Friday, February 6, 2009

Goodwill stalker

I met my friend Lorrie for lunch yesterday. We had to push our normal lunch time back, due to her business meeting running late. By the time we got to the restaurant, it was packed...with a wait.

We opted for Taco Hell, I mean Bell, across the street instead. The choice was made merely because there's a Goodwill next door.

I'm a garage sale junkie. Love them!!! Why? I don't know. Woman no longer have to leave their homes to gather nuts and berries for their families. Maybe this is a way to fill that now unnecessary instinctual need? Is it the thrill of the hunt?

Probably not.

Mot never used to understand...until I started coming home with stuff for him. A complete set of Dewalt power tools for $40 really changed his mind.

In the winter, garage sales are few and far between...actually, they are 100% non existent. The next best thing.....thrift stores.

As I was sifting through the racks of women's jeans and skirts, looking for some yellow tag $.99 deals, a random dude walks up and says "There anything good in here?"

I'm not the kind of person to judges, so if he was looking for women's clothing, more power to him.
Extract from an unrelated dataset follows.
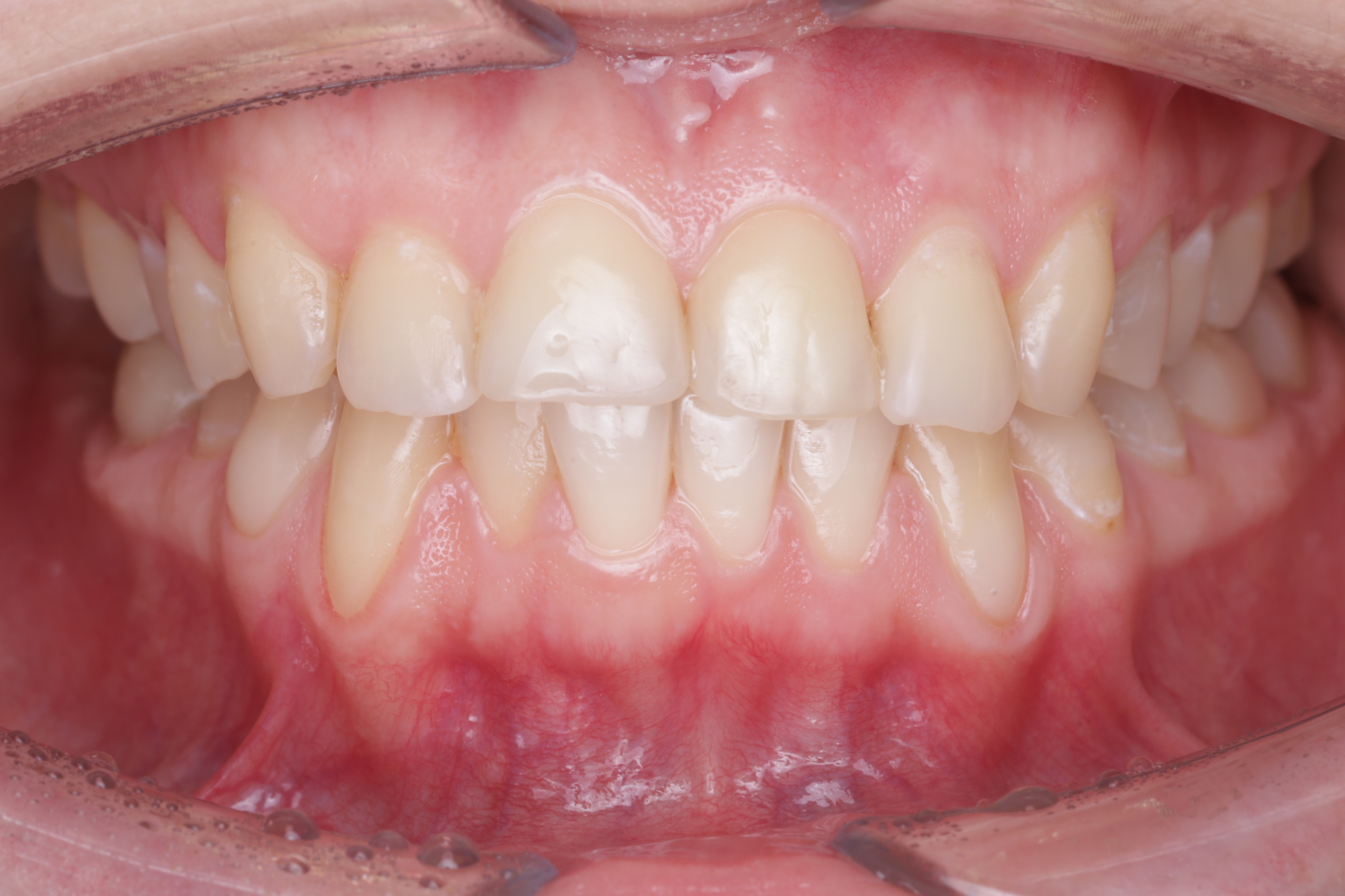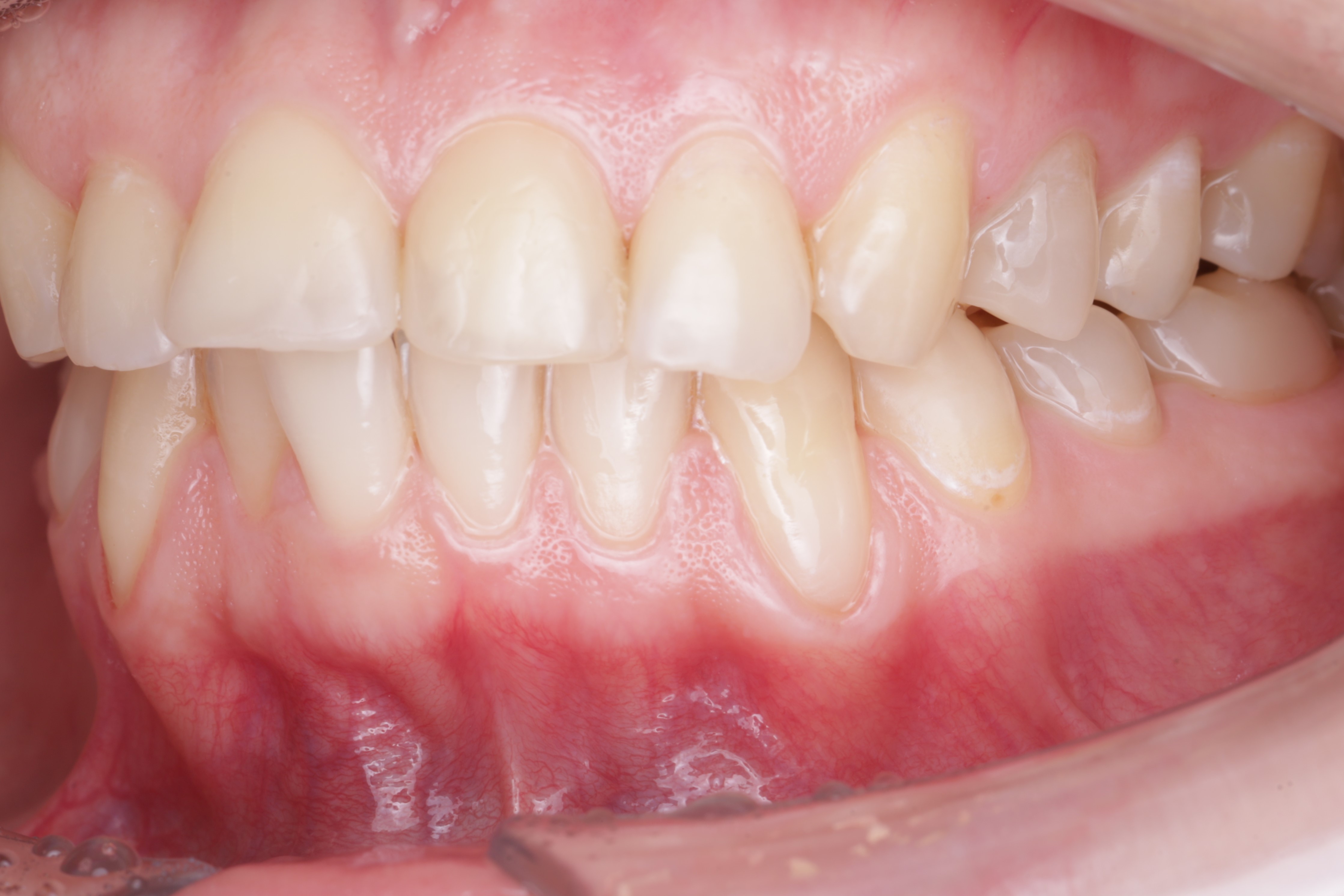 Спустя два месяца ортодонт зафиксировал брекеты. Мы видим полное закрытие рецессий и увеличение толщины десны. Это делает ортодонтическое лечение безопасным, а вероятность возникновения рецессий десны в дальнейшем — минимальной или практически невозможной

He was dressed in normal men's attire, but you just never know.

I told him I was having some luck, and went back to what I was doing.

Whoops!!! For the next 30 minutes, the man followed me from rack to rack.

He. Never. Shut. Up.

It was crazy!! Lorrie picked up on my predicament and came over to give me an "out." Unfortunately, I was having luck and had a handful of items. I didn't want to leave the area while the getting was I weighed my options, and chose to stay. She went back over to the book section, smiling the biggest grin ever.

When it was getting closer to the end of our lunch break, I looked across the store and made eye contact with her. She came back over, and helped me to help with the escape.

He was average height, average build, probably in his 50's, and could talk like no one I've ever met. He talked about the weather here, about the weather in Florida and Georgia...he talked about eBay...he talked about the benefits of making unisex sweatshirts, because you could sell them to anyone.

The guy never once took a breath. :-)

Lorrie came over, and I told the dude I had to leave, but it was nice talking to him (even though the only talking I did was a "uh huh" every once and a while).

He followed us up to the register....still talking. He stood in line behind us....still talking.

Thank goodness he had to pay for his purchases, or he'd have followed us out to my car.

It's what I get for forgetting to put on my watch and wedding band that morning!!! Being flirted with is always nice, but why is it always a guy 20-30 years older than me? It's always been that way.

In fact, now that I think about it, I'm not sure how I managed to attract the attention of Mot. He's (gasp) in my age group. They never talk to me. :-)


Cowguy said...

Ahhh Goodwills and Salvation Armys... we can hardly pass 'em by and you do run into a few oddities of the human race in there at times.

Your stalker probably invented the jet engine or Sterno or something and just lolligags around Goodwill stores now as a hobby.


Nej said...

They seem to seek me out. I'm the nice lookin' shopper I guess.

He was pretty harmless, but there was no mention of jets or Sterno.

I once rode a plane to South Korea sitting next to a drunk, who claimed he was a Christmas tree salesman from Michigan. Swore to me the cure for the SARS virus was cabbage, and scorned me ever time I gave the flight attendant back a napkin I hadn't used. Said I'd wish I'd kept those once we landed.

Luckily, he passed out early in the flight.

Vic said...

Hey! It's your Accidental Boyfriend!! Nice to commiserate with a fellow sufferer. :)

Nej said...

Oh, I hadn't even thought of that. That's exactly what he was!!!!! :-) :-)

It's nice to know I'm not alone :-)

Brook said...

Maybe our mom's raised us to be a little too polite. I very seldom wear my wedding rings-or any rings-so I get a few lurkers, though having kids with me cuts down on the leering. Never had one talk so much as yours did though!